The Beyond Review

By | Wednesday, August 23, 2023 Leave a Comment
Last year, Amulet Books released Jason Shiga's Leviathan as the first in a line of "adventure game comics." It's kind of a Choose-Your-Own-Adventure style book, using storytelling techniques that Shiga first highlighted in Meanwhile... but it feels a little closer to those point-and-click computer games from the '80s and '90s. I reviewed the book back here. The second book in the series, The Beyond, came out this week.

The first thing to mention is that, despite being part of the same series, The Beyond is very much NOT a sequel. It's got a very different story, different characters, and even the storytelling structure is different here. So you can read this completely irrespective of any of your familiarity with Shiga's other work. The first page has a quick set of instructions, and then the reader is off to follow/direct the story of Mario Rivera.

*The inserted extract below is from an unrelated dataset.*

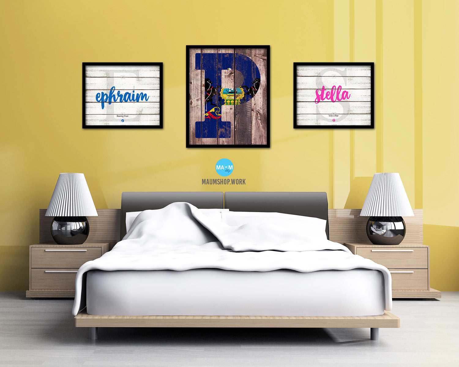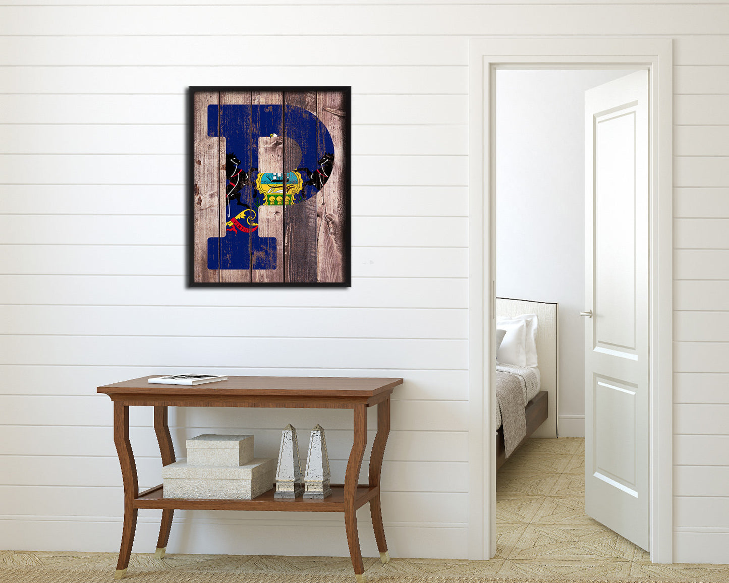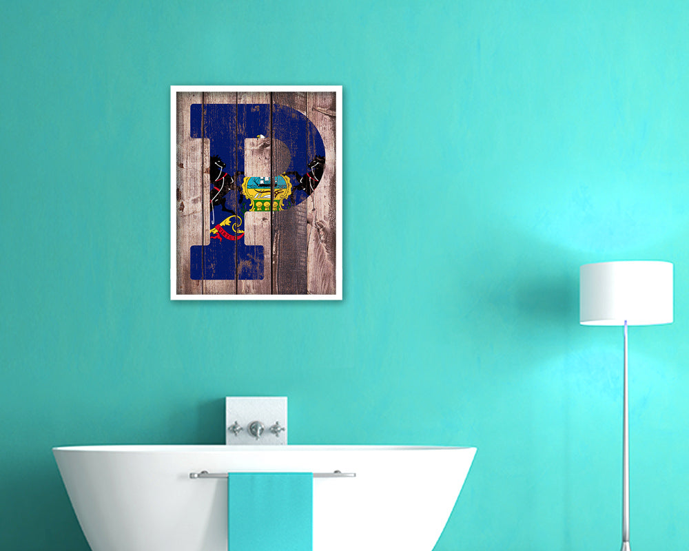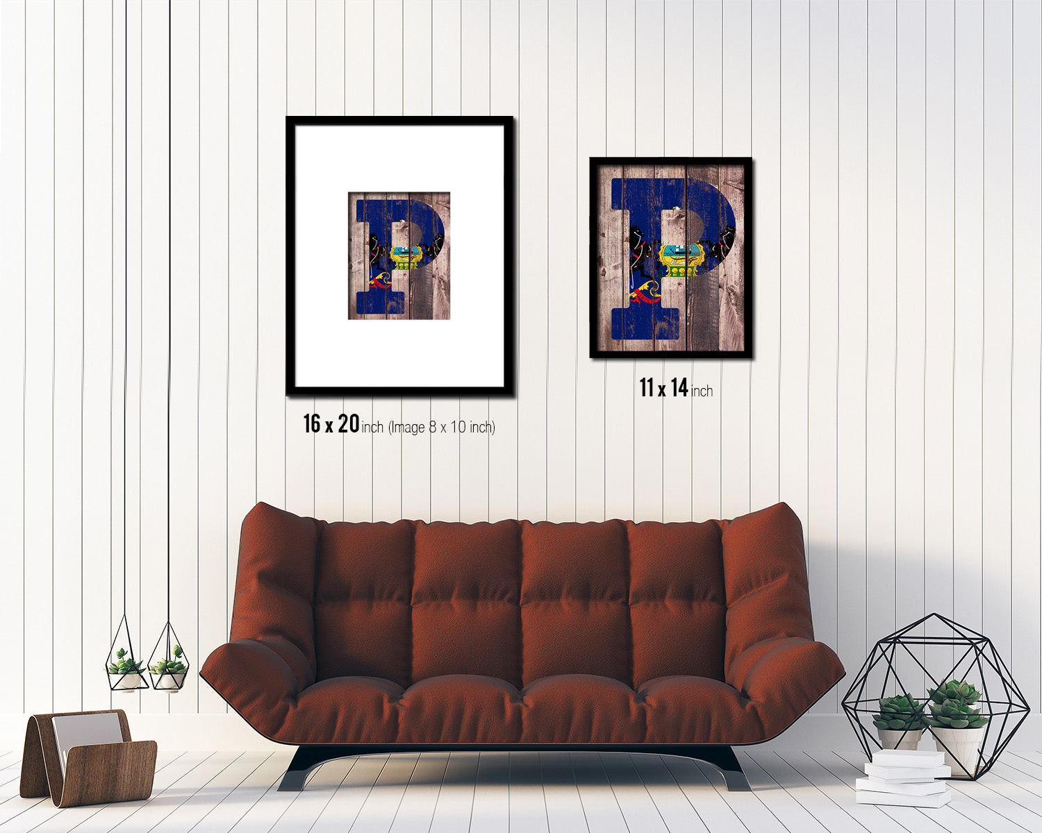 Pennsylvania State Initial Flag Wood Framed Paper Print Decor Wall Art Gifts, Wood

The basic techniques of guiding a reader from one scene to the next will be familiar to those who've read Leviathan. The technical mechanics of The Beyond are the same, but interestingly, the book has a very different feel to it in terms of its structure. Whereas Leviathan felt like a game, The Beyond was very much more a story. There were some puzzle aspects to it but, while at least one "puzzle" was integral to finishing that particular storyline, it felt less like a puzzle and more just like a clever storytelling trick. Albeit one that did feel to me like it was more challenging to sort out than any of the actual puzzles from Leviathan. I suppose you might say the newer book had fewer actual puzzles, but more complicated ones? There are more endings here, so I suspect that lends itself to being further away from the game aspect of the first book -- the reader doesn't feel as directed as to what they're trying to achieve here compared to before.

What I find interesting with Shiga's work is that it honestly doesn't strike me as especially commercially viable, but rather that he's experimenting with the form of comics and the different types of stories he can tell using this Choose-Your-Own-Adventure technique he's developed. It's not just, "here's a story with a bunch of different endings" but "hey, everybody, you can use this technique to tell a story this way, or that way, or..." As I think on it, it's almost as if the books are directed more to comic professionals to give them ideas on how they can present their own stories, and it's just wrapped up in a package that is being sold to kids. (Amulet Books is broadly directed towards "young adults and middle-grade readers" by their own admission.)

I'm sure the stated audience here would enjoy The Beyond well enough and it's certainly more re-readable than Leviathan, but I think creators will get more out of reading both of these books and thinking about what Shiga is doing. Using them as examples of what you can do with comics that 99% of the creators out there aren't doing.

Oh, also, there are pirates in this book -- you can't go wrong with pirates!